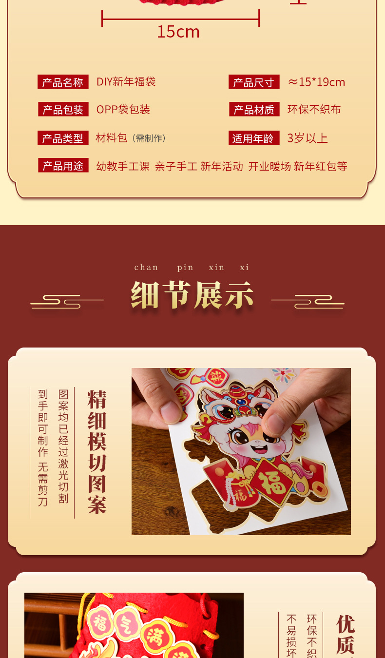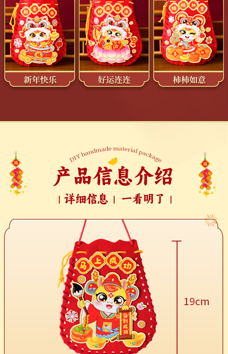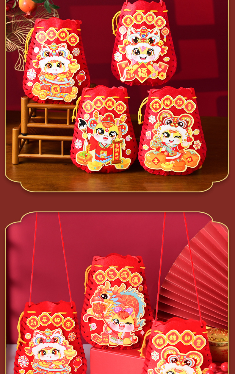 유치원 새해 가방 DIY 부직포 퍼즐 스티커 어린이 수제 배낭 호랑이의 해 창조적 인 선물스토어 가기
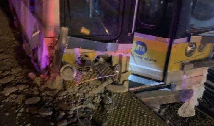 El servicio de la línea principal de Long Island Rail Road se suspendió mientras los investigadores examinan los daños y tratan de averiguar por qué ocurrió la colisión nocturna.
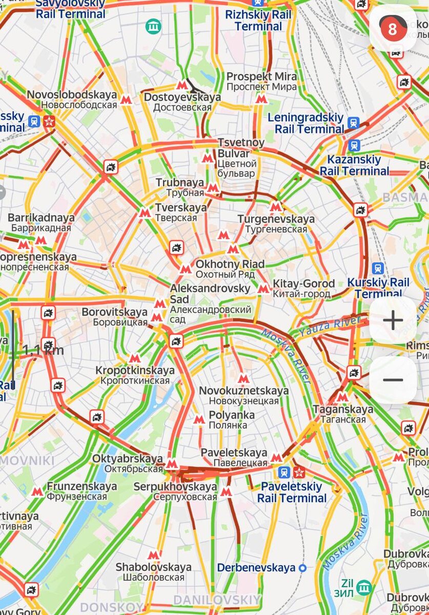 🚘 8 баллов пробки в Москве – центр города встал.
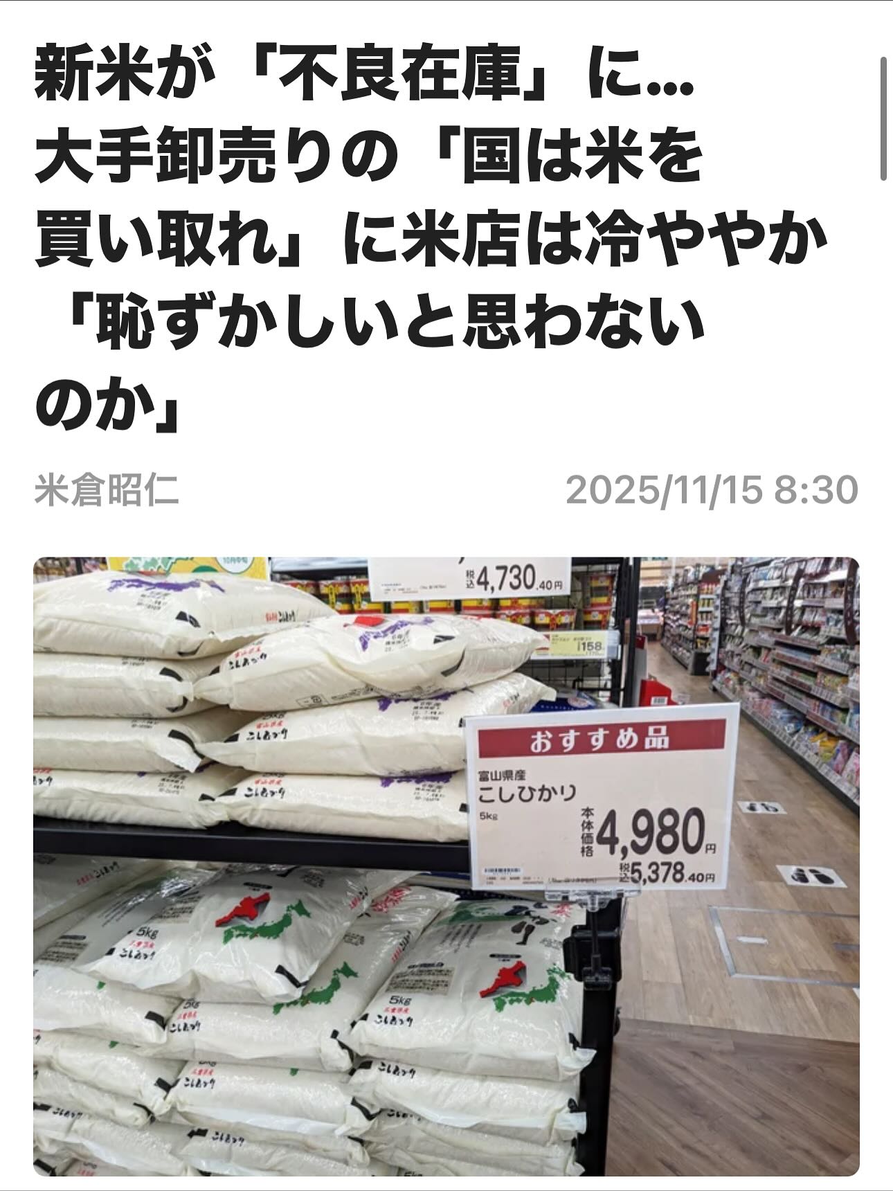 米屋溜息「新米が高すぎて売れない」

* * * *

■ What you have to do
Beginning with the line that contains "El servicio de", output each line of the material above through the last one exactly as it stands. Do not include the pictures.

■ Reply to the exercise
 El servicio de la línea principal de Long Island Rail Road se suspendió mientras los investigadores examinan los daños y tratan de averiguar por qué ocurrió la colisión nocturna.
 🚘 8 баллов пробки в Москве – центр города встал.
 米屋溜息「新米が高すぎて売れない」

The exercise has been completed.